==== COLLECTED DATA

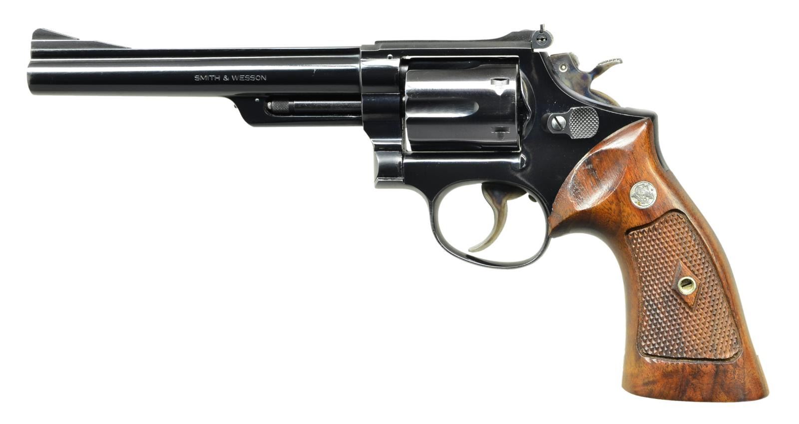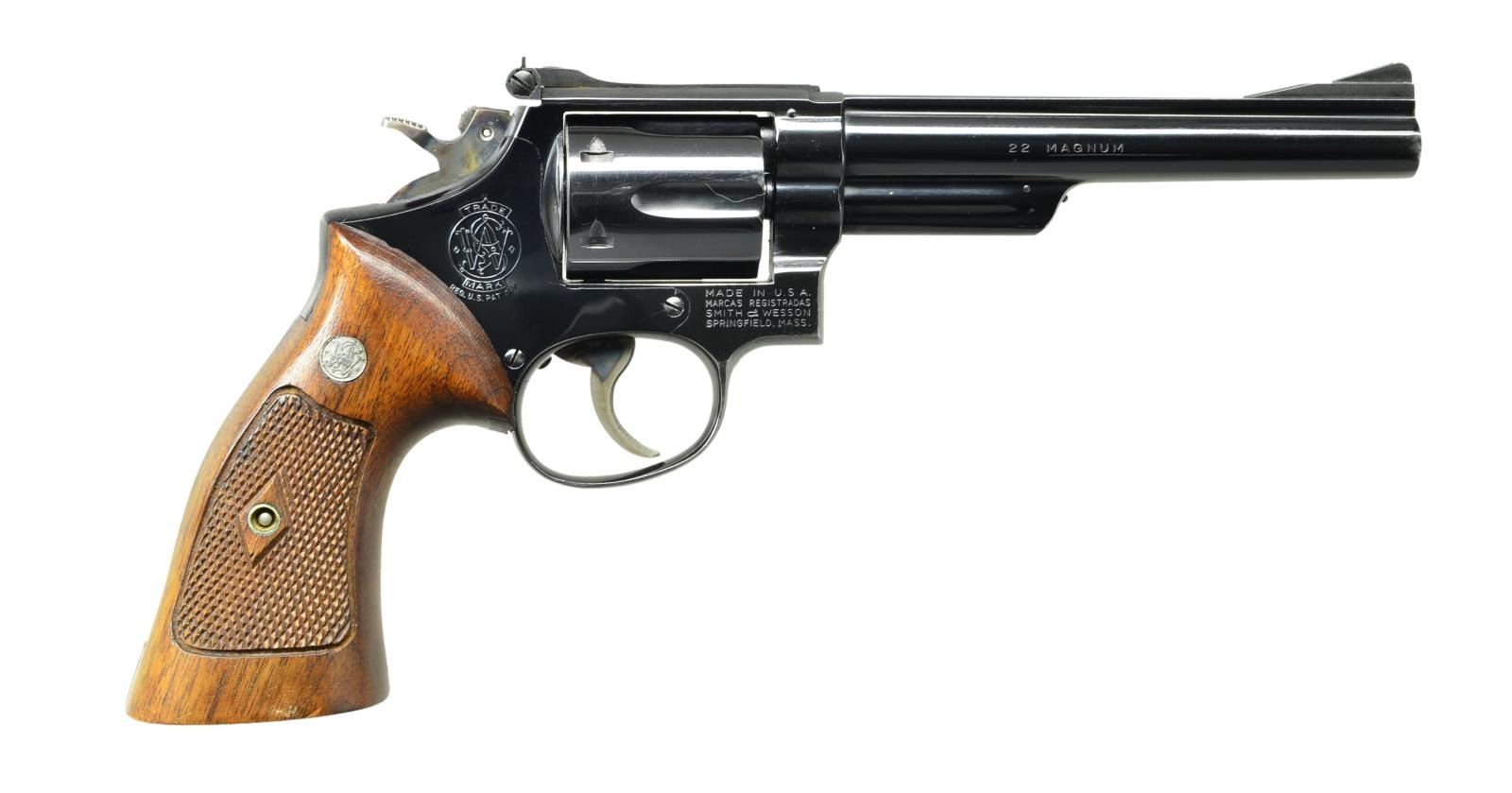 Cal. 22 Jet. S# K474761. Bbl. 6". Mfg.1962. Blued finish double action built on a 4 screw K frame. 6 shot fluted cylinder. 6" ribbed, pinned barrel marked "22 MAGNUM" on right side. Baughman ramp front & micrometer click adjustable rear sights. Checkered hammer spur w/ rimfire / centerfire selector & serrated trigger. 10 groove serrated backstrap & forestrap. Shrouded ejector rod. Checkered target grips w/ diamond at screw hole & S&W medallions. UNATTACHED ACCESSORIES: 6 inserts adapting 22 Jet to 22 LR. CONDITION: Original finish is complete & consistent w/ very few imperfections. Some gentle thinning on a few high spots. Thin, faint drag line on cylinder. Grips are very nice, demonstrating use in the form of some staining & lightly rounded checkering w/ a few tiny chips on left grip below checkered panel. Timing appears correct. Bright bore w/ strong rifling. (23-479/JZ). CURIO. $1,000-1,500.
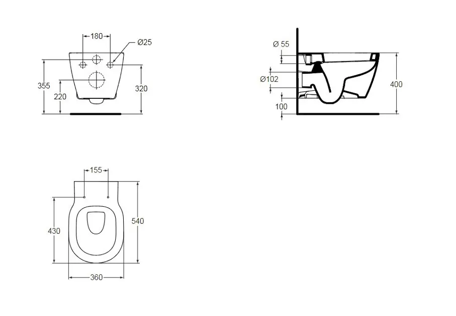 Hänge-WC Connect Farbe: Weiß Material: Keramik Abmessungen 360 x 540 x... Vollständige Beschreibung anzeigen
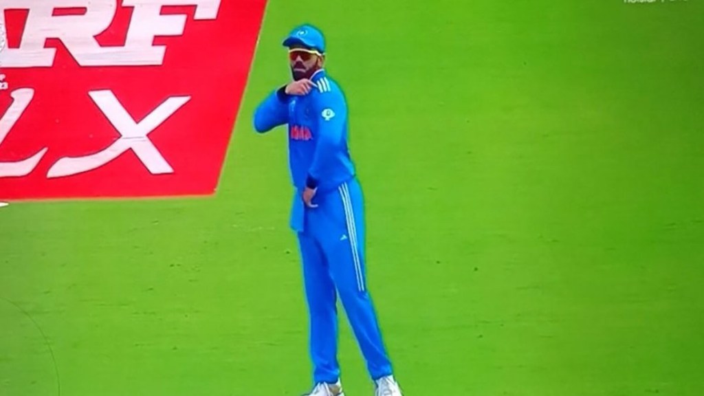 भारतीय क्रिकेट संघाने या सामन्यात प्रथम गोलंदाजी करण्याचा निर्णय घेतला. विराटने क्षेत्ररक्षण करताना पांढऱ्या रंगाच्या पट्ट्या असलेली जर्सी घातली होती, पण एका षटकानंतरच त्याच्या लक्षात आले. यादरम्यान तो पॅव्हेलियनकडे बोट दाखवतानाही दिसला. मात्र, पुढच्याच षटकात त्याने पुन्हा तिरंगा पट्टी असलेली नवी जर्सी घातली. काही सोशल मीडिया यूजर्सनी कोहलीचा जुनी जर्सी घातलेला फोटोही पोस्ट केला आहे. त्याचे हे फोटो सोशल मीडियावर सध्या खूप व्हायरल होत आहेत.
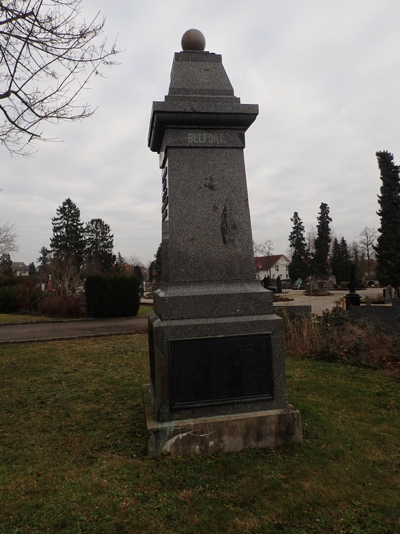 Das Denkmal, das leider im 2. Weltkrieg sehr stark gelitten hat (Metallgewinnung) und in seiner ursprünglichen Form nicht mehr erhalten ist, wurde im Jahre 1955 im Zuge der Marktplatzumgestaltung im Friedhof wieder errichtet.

========

▶ [TASK BRIEF]: Transcribe the listing in full. Leave the pictures out.

▶ [EXPECTED ANSWER]:
 Cal. 22 Jet. S# K474761. Bbl. 6". Mfg.1962. Blued finish double action built on a 4 screw K frame. 6 shot fluted cylinder. 6" ribbed, pinned barrel marked "22 MAGNUM" on right side. Baughman ramp front & micrometer click adjustable rear sights. Checkered hammer spur w/ rimfire / centerfire selector & serrated trigger. 10 groove serrated backstrap & forestrap. Shrouded ejector rod. Checkered target grips w/ diamond at screw hole & S&W medallions. UNATTACHED ACCESSORIES: 6 inserts adapting 22 Jet to 22 LR. CONDITION: Original finish is complete & consistent w/ very few imperfections. Some gentle thinning on a few high spots. Thin, faint drag line on cylinder. Grips are very nice, demonstrating use in the form of some staining & lightly rounded checkering w/ a few tiny chips on left grip below checkered panel. Timing appears correct. Bright bore w/ strong rifling. (23-479/JZ). CURIO. $1,000-1,500.
 Hänge-WC Connect Farbe: Weiß Material: Keramik Abmessungen 360 x 540 x... Vollständige Beschreibung anzeigen
 भारतीय क्रिकेट संघाने या सामन्यात प्रथम गोलंदाजी करण्याचा निर्णय घेतला. विराटने क्षेत्ररक्षण करताना पांढऱ्या रंगाच्या पट्ट्या असलेली जर्सी घातली होती, पण एका षटकानंतरच त्याच्या लक्षात आले. यादरम्यान तो पॅव्हेलियनकडे बोट दाखवतानाही दिसला. मात्र, पुढच्याच षटकात त्याने पुन्हा तिरंगा पट्टी असलेली नवी जर्सी घातली. काही सोशल मीडिया यूजर्सनी कोहलीचा जुनी जर्सी घातलेला फोटोही पोस्ट केला आहे. त्याचे हे फोटो सोशल मीडियावर सध्या खूप व्हायरल होत आहेत.
 Das Denkmal, das leider im 2. Weltkrieg sehr stark gelitten hat (Metallgewinnung) und in seiner ursprünglichen Form nicht mehr erhalten ist, wurde im Jahre 1955 im Zuge der Marktplatzumgestaltung im Friedhof wieder errichtet.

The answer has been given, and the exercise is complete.